On 14 December 2023, HM Treasury's Office of Financial Sanctions Implementation ("OFSI") published its Annual Review for the 2022-23 financial year (the "Annual Review"). As expected, the Annual Review predominantly focuses on the UK sanctions imposed against Russia following its invasion of Ukraine in February 2022. However, the publication also provides an overview of the other work OFSI has carried out in respect of other regimes during the 2022-23 financial year. Our key takeaways from the publication are detailed below.

The Russian sanctions regime

The prohibitions imposed in relation to Russia comprise some of the most severe sanctions the UK has ever imposed on any major economy, leading to OFSI reporting in its Annual Review that, as of 31 March 2023, 90% of the Russian banking sector had been sanctioned as well as 130 oligarchs and family members, with a combined net worth of approximately £145 billion. The Annual Review confirms that 653 persons (574 individuals and 79 entities) were designated under the Russian regime for the purposes of the asset freeze.

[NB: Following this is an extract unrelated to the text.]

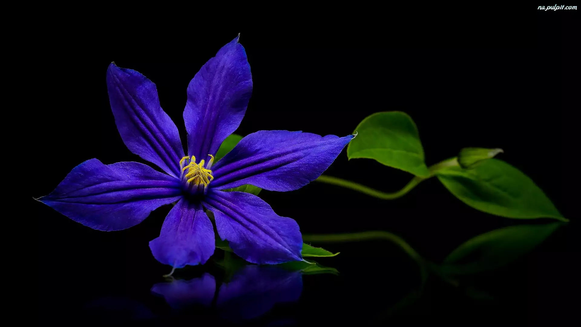 Ciemne tło, Kwiat, Powojnik, Niebieski

As of October 2023, OFSI announced that a cumulative total of £22.7 billion worth of Russian assets had been reported as frozen since the beginning of its invasion of Ukraine in February 2022. The total value of these assets will have since depreciated as a result of several factors including the depreciation of traded equity instruments since reporting the frozen holdings to OFSI. Consequently, as of 30 September 2022 (when the most recent review of frozen assets was conducted), £8 billion of Russian funds had been reported as being held by UK firms. This value forms part of the total £21.6 billion of funds which have been frozen as a result of UK financial sanctions across the world – an increase of £9.2 billion since 2021 (the majority of those total UK frozen funds continue to relate to the Libya sanctions regime).

Looking ahead, the Annual Review states that OFSI is focussing on continuing to make a meaningful impact on the ongoing conflict in Ukraine for the 2023-24 period, with the Annual Review being published on the same day as the UK government published a further package of sanctions, including a ban on the export of a range of goods carrying a risk of military or industrial usage that could support Russia's war effort. The new legislation (which can be found here and here) also follows the announcement of the Office of Trade Sanctions Implementation which will assist OFSI's efforts in targeting companies evading Russian sanctions. Our blogpost on these developments can be found here.


According to the Annual Review, 2022 to 2023 was also a "landmark year" for OFSI's Licensing Unit with decisions having been taken on 503 cases (up from 170 in the previous reporting period). A total of 311 licences were issued, 60% of which were in relation to the Russian regime. OFSI also report that 28 General Licences had been issued in the Annual Review period, compared to 16 in the previous financial year.


Following the introduction of the Economic Crime (Transparency and Enforcement) Act 2022, OFSI can now impose civil monetary penalties for financial sanctions breaches on a strict liability basis (i.e., there is no longer a requirement to show that a person had knowledge/reasonable cause to suspect they were in breach). This enhanced enforcement power only applies in respect of breaches occurring from 15 June 2022 onwards. Whilst there has been significant interest in the circumstances in which OFSI will issue fines of this type, the Annual Review does not shed light on this point – as only two monetary penalties were issued by OFSI during the 2022-23 Annual Review period, and both of these related to events which pre-date June 2022. These were small cases, with a combined value of £45,000.

The Annual Review does note, however, that OFSI is currently undertaking "a large number of complex investigations" into Russian sanctions breaches which it anticipates will lead to public enforcement action in the future.

The Annual Review contains a series of other OFSI enforcement statistics for the 2022-23 financial year:

  • OFSI recorded 473 suspected breaches of financial sanctions – up from 147 cases recorded in 2021-2022.
  • OFSI issued seven warning letters in response to confirmed breaches that OFSI did not consider warranted public enforcement action.
  • 51 cases were closed with no further action (44 of which related to Russia related sanctions breach reports).
  • As of April 2023, OFSI's Enforcement Unit had 172 cases under live investigation, many of which remain ongoing today.

In light of the scrutiny OFSI is facing for its lack of sanctions enforcement, OFSI's Director, Giles Thomson, stated in the Annual Review that the body is "transitioning to a proactive enforcement model". The sanctions community will therefore be watching closely to understand whether OFSI's increased powers and the extensive sanctions in place against Russia will give rise to an uptick in enforcement activity in the coming months.